Five Lakes Trail

Five Lakes Trail
Tim Hauserman

The Five Lakes Trail is a trail I’ve hiked at least once a year for decades. It is fairly short, although with a steady, stiff climb you will get a good workout, and the views for the entire journey are varied and awesome. The problem with the Five Lakes Trail is that it is quite popular, attracting a large crowd all summer and fall. My attempted cure this week was to head out early on a chilly morning in the middle of the week. I did pretty well, only passing a dozen hikers, mostly on the way up as we were on the way down. 

 

The Five Lakes Trail is located on Alpine Meadows Road just across from Deer Park Drive. Find parking on either side off the road. If there are no cars at the trailhead, hit the trail quick, then after you get back to your car head to the casinos or buy a lottery ticket since it is obvious this is your incredibly lucky day. The trail begins climbing immediately, quickly passing over an area which sustained a landslide a few years ago during a summer rain deluge.

 

While we were freezing when we got out of the car in the shade, the trail is open and sunny and we were quickly dropping layers. The trail steadily winds up the slope with some scattered firs and pines, but mostly it’s a rocky, brushy climb on a well laid out trail. To the left, you see a great view of Alpine Meadows, while up above is a meeting of huge slabs of pinkish granite with swaths of dark gray lava rock.
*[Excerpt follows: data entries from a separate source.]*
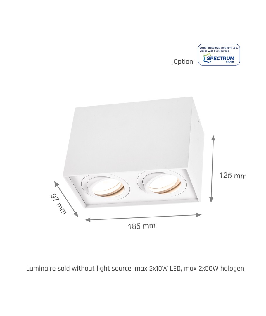 Den CHLOE DUO 2xGU10 er en stilren, justerbar lampe i hvitt rektangulært design, som passer perfekt til moderne hjem.
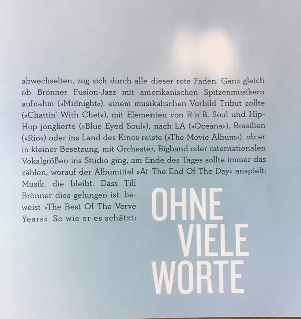 Till Brönner: Best Of The Verve Years Wersja na CD w standardowe wydanie. Ta konkretna edycja została wydana w Niemcy, Austria i Szwajcaria w wydawnictwie Verve Records we współpracy z Universal Music Group dnia 20. listopada 2015. Album można sklasyfikować jako gatunek Jazz.
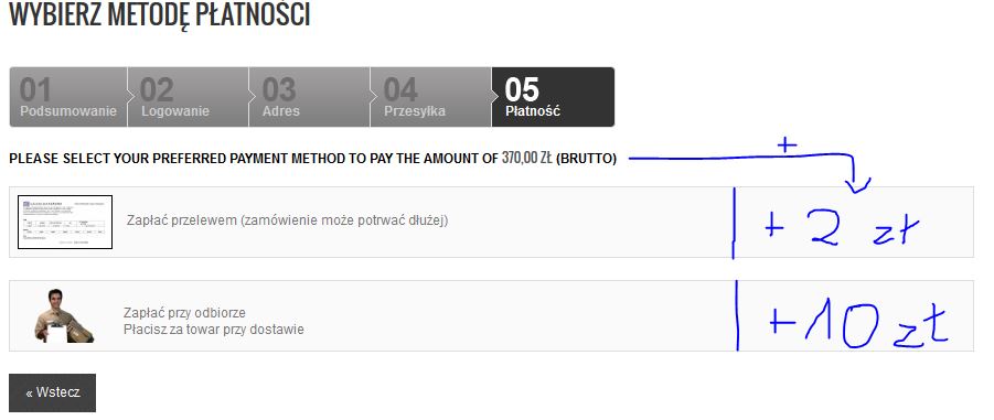 marcin1987a Posted November 13, 2013 Share Posted November 13, 2013 Witam Chciałbym zwrócić się o pomoc do forumowiczów o powiedzenie lub jakies wskazówki odnośnie mojego problemu Ogólnie temat jest taki iż chciałbym aby można było w adminie dla każdego produktu dodać dodatkową wartość przy przelewie dodatkową wartość przy pobraniu Dodawanie tej wartości powinno się odbywać na końcu , w podsumowaniu (chociaż może być wcześniej jeżeli jest taka możliwość) Na załączonym screenie 1.jpg pokazuje o co chodzi Pierwszy etap czyli dodanie inputów w panelu admina przy produkcie jest już zrobione (zał 2.jpg ) Również baza przyjmuje wartości które przekazuje natomiast gdy chce wyswietlic np w wierszu wartosci poprzez: displayPrice price=$product.add_platnosc_przelew displayPrice price=$product.add_platnosc_pobranie Pokazuje 0,00 zł. Z góry dziękuje za odpowiedź. Pozdrawiam Link to comment Share on other sites More sharing options...

Also in those rocky slopes sit a number of Gasex machines, for avalanche control. This slope is avalanche haven and intentionally set little avalanches are frequently set to avoid the big ones that would close the road. 

 

After about a mile, the trail crosses a mini saddle, then traverses a ridge high above a charming canyon, providing closer access to that gorgeous pink granite. At a bit less than two miles, you cross the  Granite Chief Wilderness boundary, where the trail levels off and dives into a deep forest of red fir. About a 1/4 mile further the trail meets a junction. Here a left turn takes you to the largest, and busiest of the Five Lakes, while straight ahead leads to the Pacific Crest Trail, Whiskey Creek and the much less busy heart of Granite Chief Wilderness. Wherever you go, enjoy, but be sure to head back out before winter.